The added value of the model becomes evident in the exemplary analysis of the “Climbing Mount Fuji” test item. In the PISA item development process, authenticity is related only to the overall context with a five-point scale, and the test item receives an average rating of 4.32. However, it remains an open question which aspects of the test item are authentic and precisely which are not. In contrast, the model analysis differentially shows that the test item already contains certain authentic aspects (real-world context, events, objects, question, figure, use of mathematics), but for the data no authenticity can be stated and the purpose is not mentioned at all. This increased informative value makes the model an additional support for the acquisition, assessment and (further) development of modelling test items.

Furthermore, the model can be used for assessing the authenticity in test items of standardized tests and thus for comparing multiple tests.

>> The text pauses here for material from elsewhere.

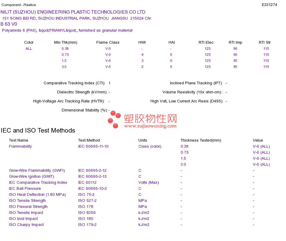 Polyamide 6 (PA6) B 63 V0UL黄卡资料请登陆会员后查看,如需电子档资料,请联系客服! 赵生:手机13424755533;QQ:27660005

Here, well-founded statements can be made about which aspects are particularly frequently or also less frequently authentic in which tests.

5.2 Limitations

A limitation regarding the application of the model is the fact that the assessment of the aspects regarding authenticity is a social attribution. Biases can always occur in the assessment process, for instance, different information may be found or perceived differently in the search. However, this possibility is counteracted by the prior identification of a coding unit and the clearest possible operationalization of the individual aspects. In addition, as mentioned in the article, to reduce bias as much as possible, it should be ensured that each test item is assessed independently by multiple raters. Furthermore, at this point it should be emphasized that the attribution by the raters should not be mistaken with the formation of a subjective opinion. Whereas in the case of a personal opinion a subjective decision is made, in the case of assessment in terms of the model, the raters check in an intersubjectively comprehensible way whether theoretically founded criteria are fulfilled.

Furthermore, the model initially only aims at assessing the authenticity of central aspects of modelling test items. The model thus opens itself to different approaches to how the results obtained by the model can be interpreted after the assessment. This includes questions about how missing coding objects are classified for which aspect or about whether the aspects should be weighted differently. For instance, in line with previous analyses (Greefrath et al., 2017; Siller and Greefrath, 2020), the number of authentic aspects across a large set of tasks (e. g., a set of modelling test items from a standardized test) could be given in the form of percentages and conclusions could be drawn about test item quality. However, two key remarks need to be made regarding the interpretation of the assessment. (1) It is not in the intention of the model to form an overall score from the assessment of the individual aspects. As described in the article and theoretically legitimated, the model follows an atomistic approach, which excludes a holistic final evaluation in the form of a score. (2) Accordingly, the situation that only authentic aspects are measured in a test item does not mean that it is a completely authentic item. It is both only a selection of central aspects and, as theoretically derived in the article, a mathematical school task cannot attain holistic authenticity in the sense of object authenticity.

5.3 Outlook: empirical application

In a next step, the model will be used to gain insights into the extent to which modelling test items in existing standardized tests contain aspects which could be labelled being “authentic.” For this purpose, it is useful to compile a database with test items from significant national and international tests. Authenticity in the test items can then be assessed using the model and the results analyzed qualitatively as well as quantitatively to draw conclusions about the test items as well as the tests in general. In such further studies, it is also important to investigate the extent to which the fundamental model can be applied to all levels of education in the same way, or whether adaptations are necessary in single cases.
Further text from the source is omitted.